Sur l'autre versant de la Saulire, à Méribel, le premier hôtel 5 étoiles de la station devrait ouvrir ses portes l'an prochain. L'investisseur savoyard, le groupe Chœur de Chaudanne, y possède déjà trois établissements et des résidences de luxe. Ici, près de 40 millions d'euros seront dépensés sur deux ans par la S3V et Alpina (groupe Compagnie des Alpes) pour moderniser les remontées mécaniques de Méribel et Méribel-Mottaret.

Sans ces investissements croisés entre remontées mécaniques neuves et rénovation résidentielle, point de salut. «Notre taux de rentabilité est en chute, relève Claude Faure. Notre résultat net d'exploitation était l'an dernier de 4 millions d'euros contre 12 millions il y a cinq ans.»

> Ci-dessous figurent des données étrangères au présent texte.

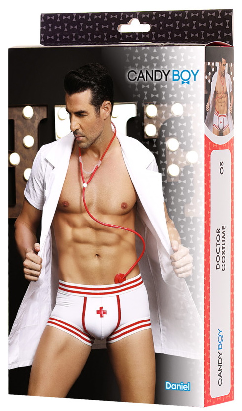 Слегка приталенный силуэт халата добавит стройности фигуре. Эластичные боксеры с контрастной отделкой, на широких резинках. Пластмассовый стетоскоп входит в комплект.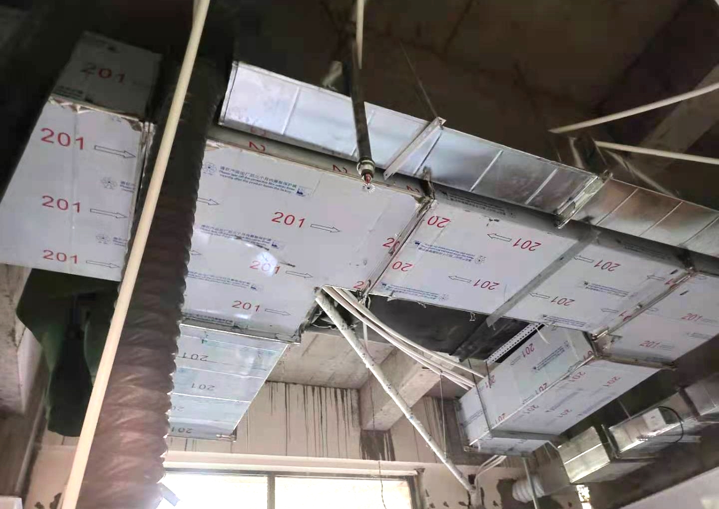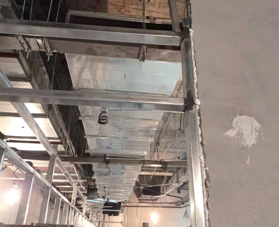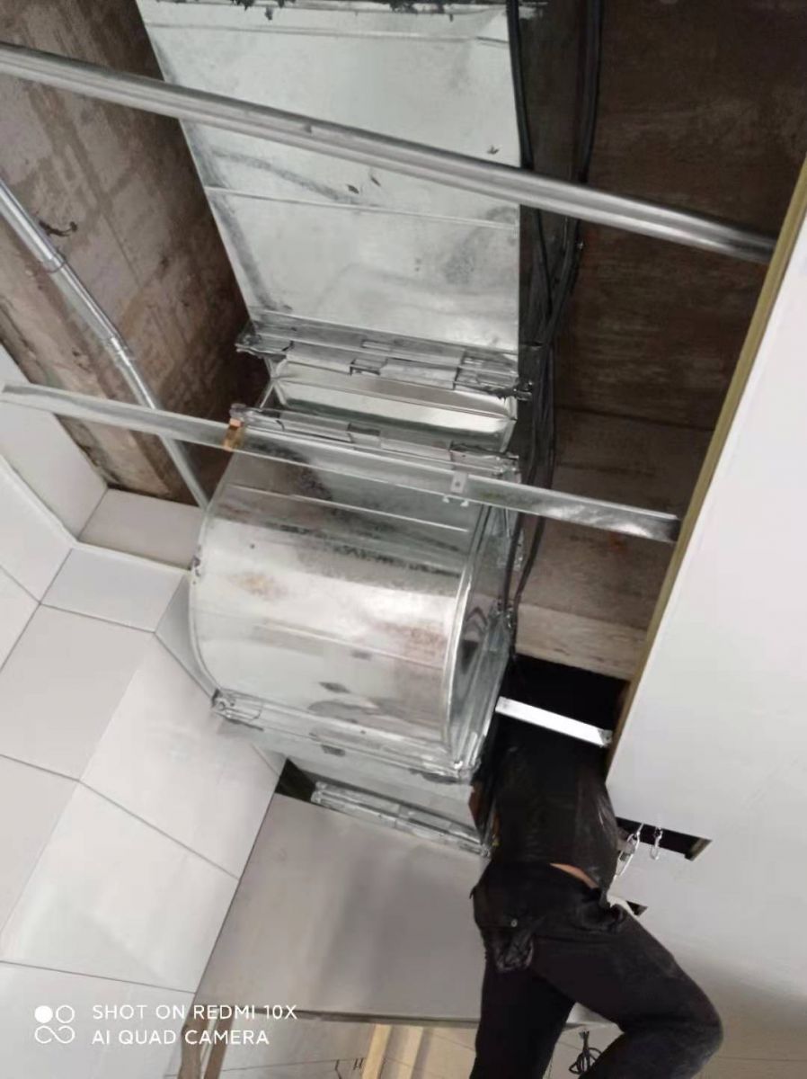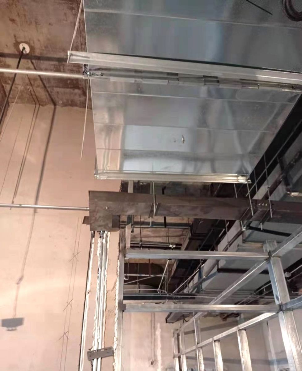 副食間、主食間煙罩風(fēng)管對(duì)接完成,五樓明檔煙罩吊完

D'après Domaine skiable de France, le chiffre d'affaires développé par les remontées mécaniques françaises s'élève à 1,1 milliard d'euros, dont 88 % pour les seules stations de Savoie et de Haute-Savoie. Or, selon la Cour des comptes, les investissements à la charge du délégataire dans ce domaine sont souvent «mal définis» par les contrats de concession. Ainsi, à Villars-de-Lans (Isère), sur les trente ans que dure cette délégation, seuls les dix premiers «prévoient un contrat minimal d'investissement». La Cour relève : «Aucun engagement n'est formalisé pour les deux décennies suivantes.»